DIRECTIONS: Whatever appears in the records apart from pictures must be reproduced exactly.
DATA RECORDS below:
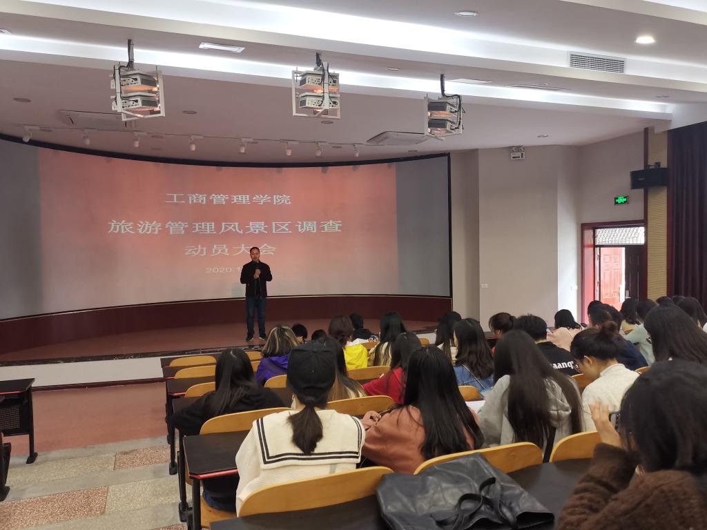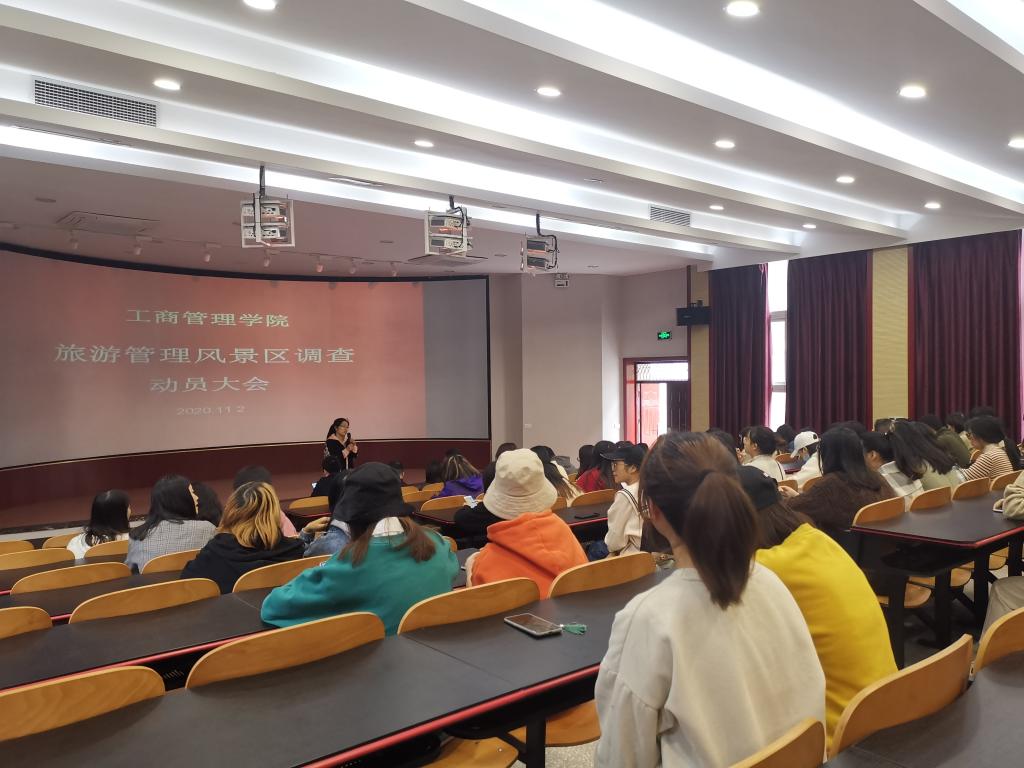 11月2日上午,我院在旅游3D实验室召开了旅游管理风景区调查动员大会。学院副院长于开红教授、旅游管理专任教师周学军、蒋秋华、管陈雷、徐晓庆等老师及2017级旅游管理专业学生参会。
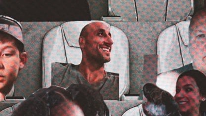A través del sistema que instaló la liga, Emanuel Ginóbili apareció en las pantallas gigantes que están ubicadas alrededor de toda la cancha. “Encontramos una cara familiar“, escribió la franquicia en sus redes sociales.
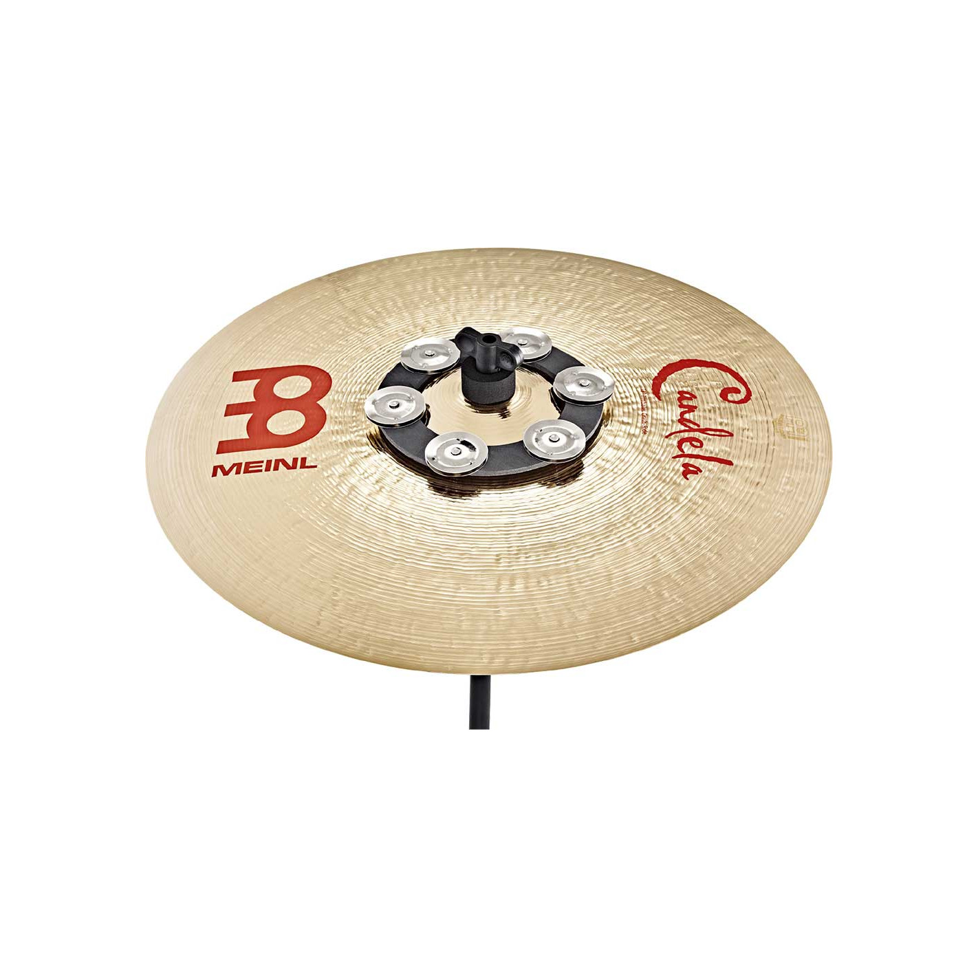 ACCESORIO PLATOS Aro metálico de sonajas de 6'' SCRING. Con un diámetro de 6'', aro de espuma, con cinco pares de sonajas y rápido de montar. Incorpora un ''ching'' en tus backbeats colocandolo directamente en tus platos. Ideales para hi-hats, estos jingles de acero agregarán un toque diferente a tu sonido al añadir un sonido metálico que se combinará perfectamente con tus ritmos. Coloca el Scring en crashes y rides, para conseguir algunos sonidos verdaderamente innovadores.
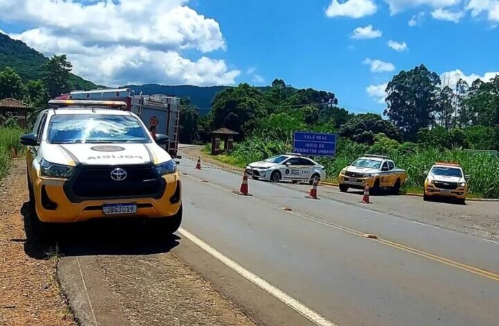 A ERS-452 foi bloqueada no quilômetro 14, nas proximidades do acesso à Rua Maximiliano Krewer (Canto Krewer), em Vale Real,…
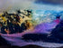 A glacier spills between shadowed peaks, its icy surface brushed with an unexpected wash of color. Blues melt into purples, greens, and soft rose, turning frozen terrain into a living canvas. A breathtaking moment where nature and light quietly collide.
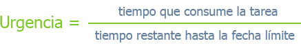 La urgencia de una tarea es una cualidad asociada al tiempo para llevarla a cabo. Aumenta a medida que el tiempo restante para la fecha de entrega se acerca a cero, así como con el tamaño de la tarea.
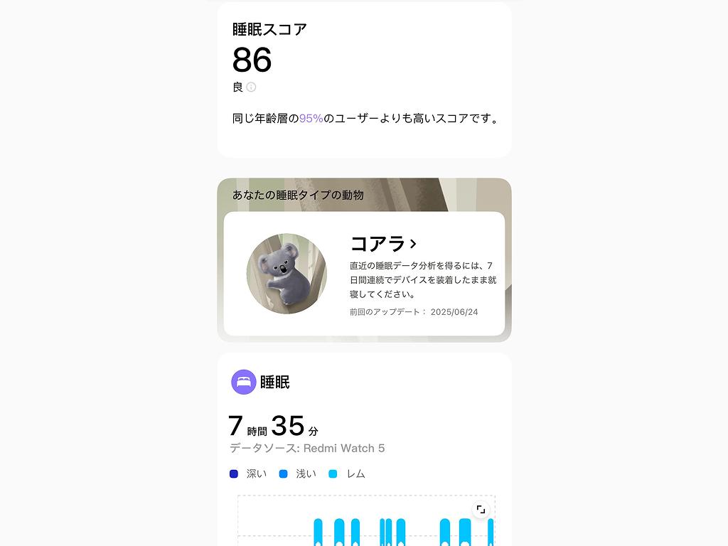 おまけにRedmi Watch 5も測定してみたところ、睡眠スコアは86でDeepの割合がやや多かった。平均心拍数と呼吸スピードはSmart Band 10と同じ。
End of DATA RECORDS.
COMPLETED TASK:
 11月2日上午,我院在旅游3D实验室召开了旅游管理风景区调查动员大会。学院副院长于开红教授、旅游管理专任教师周学军、蒋秋华、管陈雷、徐晓庆等老师及2017级旅游管理专业学生参会。
A través del sistema que instaló la liga, Emanuel Ginóbili apareció en las pantallas gigantes que están ubicadas alrededor de toda la cancha. “Encontramos una cara familiar“, escribió la franquicia en sus redes sociales.
 ACCESORIO PLATOS Aro metálico de sonajas de 6'' SCRING. Con un diámetro de 6'', aro de espuma, con cinco pares de sonajas y rápido de montar. Incorpora un ''ching'' en tus backbeats colocandolo directamente en tus platos. Ideales para hi-hats, estos jingles de acero agregarán un toque diferente a tu sonido al añadir un sonido metálico que se combinará perfectamente con tus ritmos. Coloca el Scring en crashes y rides, para conseguir algunos sonidos verdaderamente innovadores.
 A ERS-452 foi bloqueada no quilômetro 14, nas proximidades do acesso à Rua Maximiliano Krewer (Canto Krewer), em Vale Real,…
 A glacier spills between shadowed peaks, its icy surface brushed with an unexpected wash of color. Blues melt into purples, greens, and soft rose, turning frozen terrain into a living canvas. A breathtaking moment where nature and light quietly collide.
 La urgencia de una tarea es una cualidad asociada al tiempo para llevarla a cabo. Aumenta a medida que el tiempo restante para la fecha de entrega se acerca a cero, así como con el tamaño de la tarea.
 おまけにRedmi Watch 5も測定してみたところ、睡眠スコアは86でDeepの割合がやや多かった。平均心拍数と呼吸スピードはSmart Band 10と同じ。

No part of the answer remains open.